- Information given:
[Start of section]
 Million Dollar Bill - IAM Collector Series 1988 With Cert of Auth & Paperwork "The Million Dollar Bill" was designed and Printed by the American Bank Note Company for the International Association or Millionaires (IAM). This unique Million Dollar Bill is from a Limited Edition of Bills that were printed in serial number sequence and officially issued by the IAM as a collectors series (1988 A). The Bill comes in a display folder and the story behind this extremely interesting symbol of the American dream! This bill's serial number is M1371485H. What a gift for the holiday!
[End of section]
[Start of section]
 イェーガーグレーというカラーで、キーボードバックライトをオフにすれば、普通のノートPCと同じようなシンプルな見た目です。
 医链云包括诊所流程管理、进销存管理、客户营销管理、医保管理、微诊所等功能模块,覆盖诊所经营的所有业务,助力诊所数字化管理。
[End of section]
Reproduce only the lines above, starting at the line with "イェーガーグレーというカラー" and ending at the line with "医链云包括诊所流程管理、进销", exactly as written.

 イェーガーグレーというカラーで、キーボードバックライトをオフにすれば、普通のノートPCと同じようなシンプルな見た目です。
 医链云包括诊所流程管理、进销存管理、客户营销管理、医保管理、微诊所等功能模块,覆盖诊所经营的所有业务,助力诊所数字化管理。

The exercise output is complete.